§ **Record extracts**
----------------
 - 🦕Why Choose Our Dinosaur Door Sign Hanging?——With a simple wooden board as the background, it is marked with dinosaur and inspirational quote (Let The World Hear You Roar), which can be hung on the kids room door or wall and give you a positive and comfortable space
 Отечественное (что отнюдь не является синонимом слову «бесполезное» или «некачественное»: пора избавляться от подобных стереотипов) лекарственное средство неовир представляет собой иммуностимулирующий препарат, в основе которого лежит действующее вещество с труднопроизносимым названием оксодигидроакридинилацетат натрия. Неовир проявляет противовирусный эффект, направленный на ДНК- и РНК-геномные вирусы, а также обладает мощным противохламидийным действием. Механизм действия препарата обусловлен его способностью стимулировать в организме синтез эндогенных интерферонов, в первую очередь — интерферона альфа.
----------------
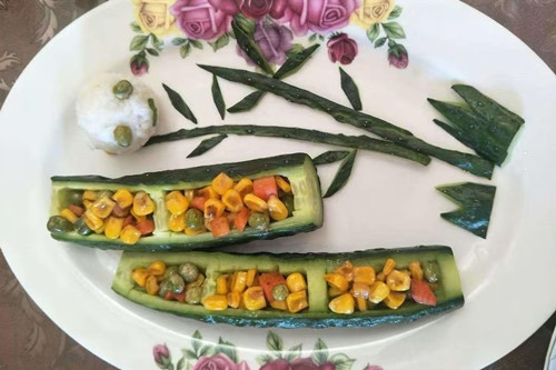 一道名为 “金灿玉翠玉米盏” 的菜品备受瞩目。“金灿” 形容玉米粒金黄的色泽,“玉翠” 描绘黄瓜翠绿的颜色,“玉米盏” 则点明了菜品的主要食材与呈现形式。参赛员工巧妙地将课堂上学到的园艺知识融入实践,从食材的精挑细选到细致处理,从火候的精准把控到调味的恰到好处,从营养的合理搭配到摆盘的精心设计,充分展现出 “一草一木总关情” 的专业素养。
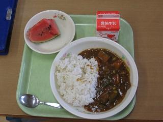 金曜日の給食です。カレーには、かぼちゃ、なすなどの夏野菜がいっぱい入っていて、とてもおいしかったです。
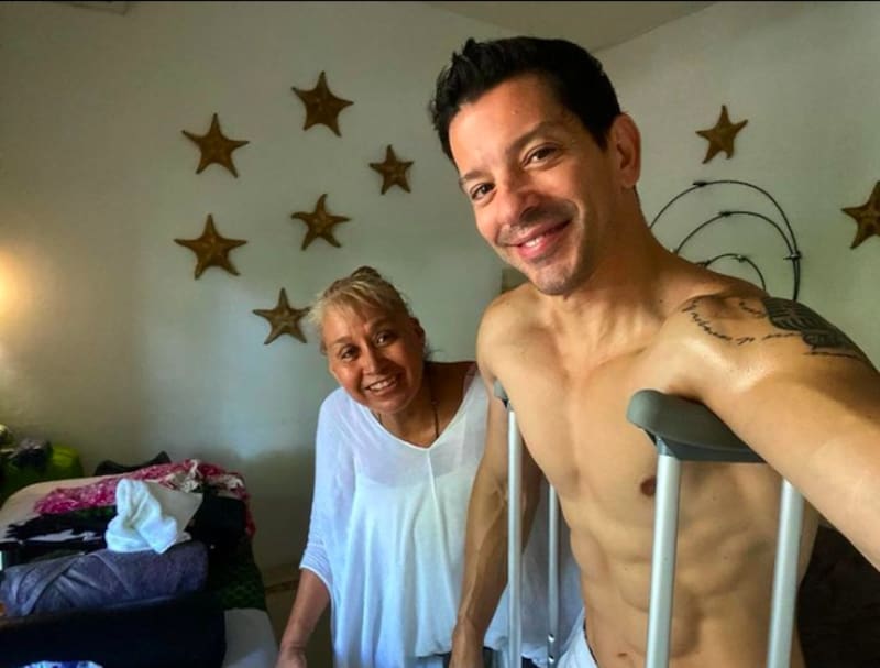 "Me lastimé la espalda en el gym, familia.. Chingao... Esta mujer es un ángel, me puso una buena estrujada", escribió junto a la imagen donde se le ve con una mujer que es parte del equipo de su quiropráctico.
----------------
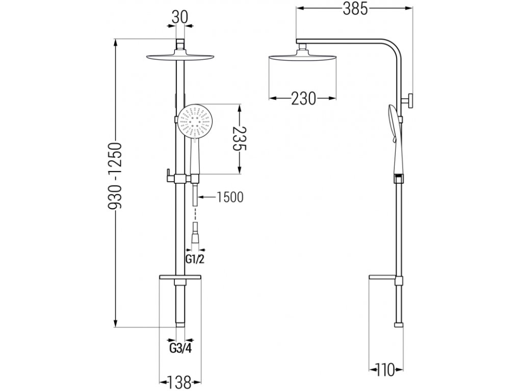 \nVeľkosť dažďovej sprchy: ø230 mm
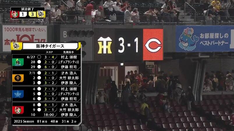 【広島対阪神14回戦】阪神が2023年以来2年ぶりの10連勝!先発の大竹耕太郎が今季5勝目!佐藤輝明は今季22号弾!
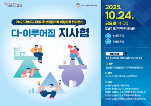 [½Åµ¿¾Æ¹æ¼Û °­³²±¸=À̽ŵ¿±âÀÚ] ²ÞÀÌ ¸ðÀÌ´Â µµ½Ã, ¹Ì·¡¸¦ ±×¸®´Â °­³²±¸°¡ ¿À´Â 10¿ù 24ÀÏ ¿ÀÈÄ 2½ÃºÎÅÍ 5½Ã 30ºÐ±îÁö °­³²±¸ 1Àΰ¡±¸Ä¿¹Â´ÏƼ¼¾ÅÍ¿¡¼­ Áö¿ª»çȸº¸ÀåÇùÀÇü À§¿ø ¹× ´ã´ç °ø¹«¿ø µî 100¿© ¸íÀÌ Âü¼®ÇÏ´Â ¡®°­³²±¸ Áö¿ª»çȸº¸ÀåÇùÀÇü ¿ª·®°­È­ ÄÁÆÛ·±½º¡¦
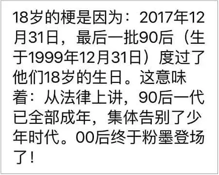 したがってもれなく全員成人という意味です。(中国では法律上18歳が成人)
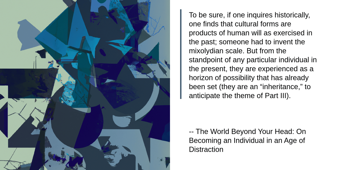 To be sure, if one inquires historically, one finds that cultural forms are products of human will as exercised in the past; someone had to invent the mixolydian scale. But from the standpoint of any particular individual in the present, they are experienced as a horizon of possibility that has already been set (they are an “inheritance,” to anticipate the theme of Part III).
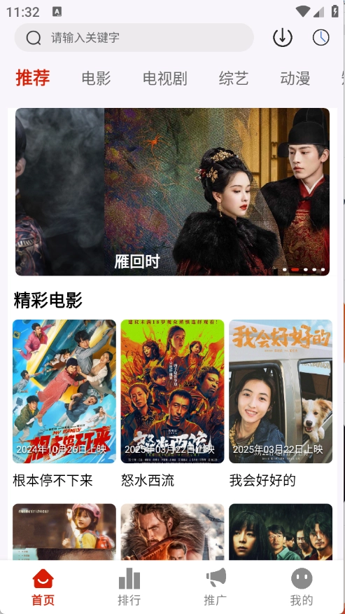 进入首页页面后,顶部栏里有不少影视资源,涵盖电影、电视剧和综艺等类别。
----------------
§ **Work instruction**
In the material above, the stretch from the line with "[½Åµ¿¾Æ¹æ¼Û °­³²±¸=À̽ŵ¿±âÀÚ] ²ÞÀÌ" through the line with "进入首页页面后,顶部栏里有不少影视资源,涵盖电影、电视剧和综艺等类别。" is to be given again exactly, minus the pictures.

§ **Solution to this task**
 [½Åµ¿¾Æ¹æ¼Û °­³²±¸=À̽ŵ¿±âÀÚ] ²ÞÀÌ ¸ðÀÌ´Â µµ½Ã, ¹Ì·¡¸¦ ±×¸®´Â °­³²±¸°¡ ¿À´Â 10¿ù 24ÀÏ ¿ÀÈÄ 2½ÃºÎÅÍ 5½Ã 30ºÐ±îÁö °­³²±¸ 1Àΰ¡±¸Ä¿¹Â´ÏƼ¼¾ÅÍ¿¡¼­ Áö¿ª»çȸº¸ÀåÇùÀÇü À§¿ø ¹× ´ã´ç °ø¹«¿ø µî 100¿© ¸íÀÌ Âü¼®ÇÏ´Â ¡®°­³²±¸ Áö¿ª»çȸº¸ÀåÇùÀÇü ¿ª·®°­È­ ÄÁÆÛ·±½º¡¦
 したがってもれなく全員成人という意味です。(中国では法律上18歳が成人)
 To be sure, if one inquires historically, one finds that cultural forms are products of human will as exercised in the past; someone had to invent the mixolydian scale. But from the standpoint of any particular individual in the present, they are experienced as a horizon of possibility that has already been set (they are an “inheritance,” to anticipate the theme of Part III).
 进入首页页面后,顶部栏里有不少影视资源,涵盖电影、电视剧和综艺等类别。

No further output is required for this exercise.